Give back the whole listing verbatim, printing none of its pictures.

* Supplied data:

- - - -

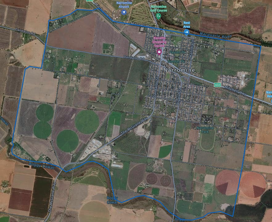 - North bound - Mitchell Highway (properties west of Dandaloo Street) and Macquarie River (propoerties east of Dandaloo Street).
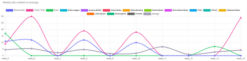 In April, buybuy topped the chart with the highest number of emails sent, totaling 56 emails, followed by Tubby Todd with 27 emails. In terms of new ads launched, Happiest Baby took the lead with 56 new ads, having the highest number of unique ad copies used in its new ads with 38 ad copies in total. Tubby Todd followed with 29 new ads launched during this period.
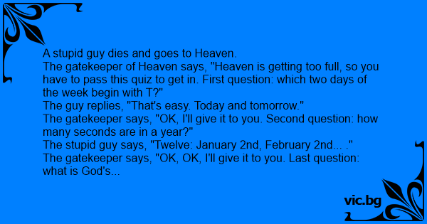The gatekeeper says, "OK, OK, I'll give it to you. Last question: what is God's first name?"

- - - -

* Answer area:
 - North bound - Mitchell Highway (properties west of Dandaloo Street) and Macquarie River (propoerties east of Dandaloo Street).
 In April, buybuy topped the chart with the highest number of emails sent, totaling 56 emails, followed by Tubby Todd with 27 emails. In terms of new ads launched, Happiest Baby took the lead with 56 new ads, having the highest number of unique ad copies used in its new ads with 38 ad copies in total. Tubby Todd followed with 29 new ads launched during this period.
The gatekeeper says, "OK, OK, I'll give it to you. Last question: what is God's first name?"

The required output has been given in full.